The Week 10 fixture, Minnesota vs. Washington, probably looked like a good game when the schedule was set up, with both teams coming off 10-6 seasons and playoff appearances. Instead, two teams that are now 7-20-1 faced off, and the 34-27 result didn't mean much to either team.

It's games like these—exciting matchups that fizzle, uninspiring matchups that meet expectations—that give Thursday Night Football a bad name.

Perception is Reality?

The reality is, there are boring and disappointing games in the regular Sunday slate, too. They don't stick in our mind as often because we can just flip the channel and watch another game.

In this way, expanding the Thursday Night Football slate can only help. A second game on the same night reduces the odds fans are stuck watching a stinker.

Then again, a big part of football's popularity is built on its easy fit into our hectic, modern lives. With NFL football taking up all of Sunday, plus Monday and Thursday evenings, plus college football's grip on the Saturday market, the crush of football overload may eventually impact ratings.

Ultimately, even if fans, players and coaches all can't stand Thursday Night Football, it brings in eyeballs like crazy, and broadcasters are more than willing to pay for eyeballs.
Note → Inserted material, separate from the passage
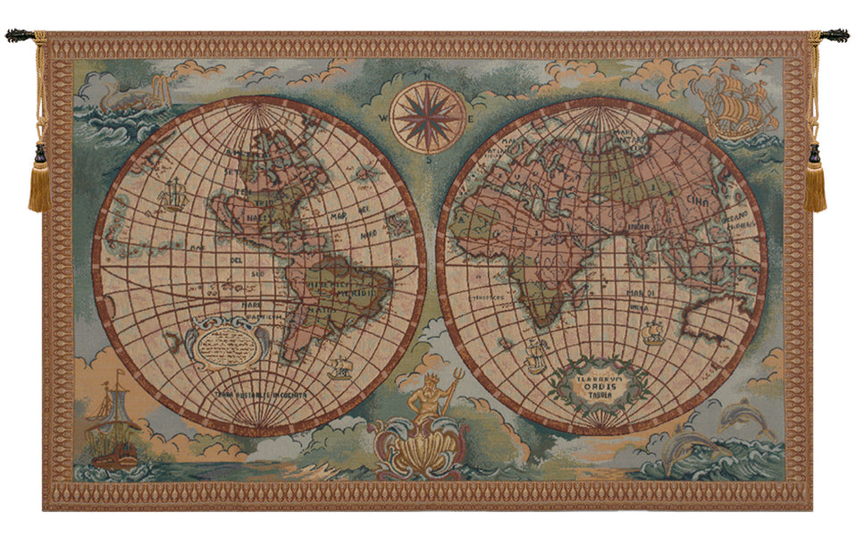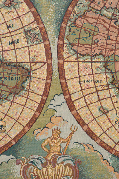 | History: | Reminiscent of the antique map displayed in German geographer and scholar Johann Hubner’s Conversations: Lexicon, de Religionen, 1777, our Antique Map I Tapestry captures all the mystery and beauty of the work of early cartographers. This intricate map features the intrigue of the sea with two large globes surrounded by elements of the water. Other smaller depictions in the four corners and upper and lower middle include a spouting whale, swimming school of dolphins, two ships with their voyages underway, and King Poseidon wielding his golden triton. The colors used to weave this tapestry are earthy in green, burgundy, gold, and blue. This antique map tapestry with border makes a studious addition to the office or study. Woven in Italy, the tapestry is made from cotton, viscose and polyester for softness and subtle sheen. Lined back and tunneled top for ease of installation. |

According to John Ourand of Sports Business Daily, quoted via Klemko, the NFL could net $700 million or more for a slate of eight games.

As the players must get an average of 47 percent of all revenues back as salary over the life of the current CBA, per Pro Football Talk, that's a salary-cap spike of about $10.3 million per team.

That will make some of the players' aches and pains feel a little bit more worth it.